Si mis queridos lectores -si es que todavía me queda alguno- observan atentamente el fragor dialéctico que acontece en el ágora de la vida pública, coincidirán conmigo en que la mayoría de las ocasiones se trata de debates entre sordos: nadie escucha a nadie, o únicamente escuchan lo que cada uno quiere oír. La política que actualmente se practica está tan envenenada de sectarismo y de ambición de poder que ha corrompido todos los principios y valores de la sociedad y de la democracia. Vivimos la dictadura de la partitocracia, y las ideologías son, en buena medida, instrumentos moldeables que se adaptan sin rigor y sin rubor a los intereses de cada momento. El número de votos obtenido en las urnas es utilizado con descaro y desvergüenza por los partidos políticos como el gran legitimador de sus excesos y desafueros.

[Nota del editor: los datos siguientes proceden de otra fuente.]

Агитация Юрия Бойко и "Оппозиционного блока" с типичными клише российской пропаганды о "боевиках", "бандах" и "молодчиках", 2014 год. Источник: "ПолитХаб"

Traigo a colación la enseñanza de mi profesor de filosofía con motivo de la descarnada controversia que se está viviendo en la sociedad española a cuento de la llamada “memoria histórica”. Si ya en un anterior artículo expresé mi opinión sobre este asunto, quiero subrayar en el presente hasta qué punto es imposible que los políticos de uno u otro signo alcancen algún acuerdo. Y es que lo notable de este debate no es quién tiene razón -si es que la tiene alguien-, sino que transcurridos setenta años desde que empezara la Guerra Civil, los políticos -y la ciudadanía- mantienen entre sí concepciones ideológicas tan enfrentadas que cualquiera diría que no han discurrido siete décadas de por medio, y que los españoles actuales somos bien diferentes (o no) de los de aquellos dramáticos años. Pues bien, si entonces el encono, el desprecio y el odio cainita desembocó en un terrible enfrentamiento armado, que trajo consigo tanto dolor, tanta muerte y tanta destrucción, qué puede hacernos pensar que si seguimos -los descendientes de aquellos contendientes- anclados en posiciones ideológicas similares, ahora seremos capaces de un acuerdo sobre la manera de reparar las injusticias del pasado.

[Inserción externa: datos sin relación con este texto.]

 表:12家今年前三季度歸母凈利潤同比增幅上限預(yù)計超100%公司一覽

En 1977 el rey Juan Carlos y el presidente del gobierno Adolfo Suárez emprendieron un espinoso y difícil camino para transitar de la dictadura a la democracia. Ambos supieron tocar los resortes precisos del sistema impuesto para salir de él sin el menor rasguño. Convocaron a los dirigentes de todas las ideologías y entre todos se comprometieron a cancelar el pasado y a inaugurar el futuro en el que cupiéramos todos los españoles. En general se hizo un buen trabajo, aunque no exento de sombras. Y como dice la canción de Joan Manuel Serrat, “la verdad no es triste ni alegre, tan sólo irremediable”. Así que a partir de la Constitución de 1978 diferentes gobiernos de distinto signo aprobaron medidas de gracia y reparación sobre los excesos del régimen anterior y de muchas injusticias cometidas contra personas leales a la República: desde una amnistía general, pasando por el reconocimiento y restitución de derechos, hasta indemnizaciones por años de cárcel y el pago de haberes atrasados. Todo ello, naturalmente, jamás será suficiente para reparar tanta injusticia que, medio siglo después, es irremediable. Pero se puso corazón y voluntad por desagraviar a tantas víctimas.

Ahora, lo que el gobierno socialista de Rodríguez Zapatero está haciendo no es bueno. Y no es bueno no porque no quede nada más que hacer por reconocer derechos y establecer nuevas medidas de gracia a favor de quienes padecieron persecución y violencia durante la guerra y la dictadura, sino porque lo que se transmite a la opinión pública es un tufillo de rencor y de soberbia muy peligroso. No hay más que escuchar los argumentos que esgrimen unos y otros para comprobar que difícilmente se puede hacer justicia sobre las víctimas de la guerra civil si ni tan siquiera existe un acuerdo, tácito o expreso, sobre la historia de la II República y de las causas que llevaron a los españoles al enfrentamiento armado. Es preocupante que una generación más joven de políticos que la que hizo la Transición, pretenda hoy día enarbolar la bandera de un puritanismo republicano avasallado ignominiosamente por el fascismo. Un terreno que a estas alturas debería estar reservado exclusivamente a los historiadores e investigadores, está siendo ocupado por unos presuntos redentores sectarios, dispuestos a darle la vuelta a la tortilla y a convertir a los perdedores de aquella contienda en ganadores morales. En definitiva, han invadido el ámbito de la privacidad de los sentimientos, han despreciado a los historiadores y se han erigido en patrón-moneda de la verdad. Y se niegan en redondo a admitir que aquel (como en todos) fue un conflicto donde nadie estuvo exento de culpa, unos por acción y otros por omisión.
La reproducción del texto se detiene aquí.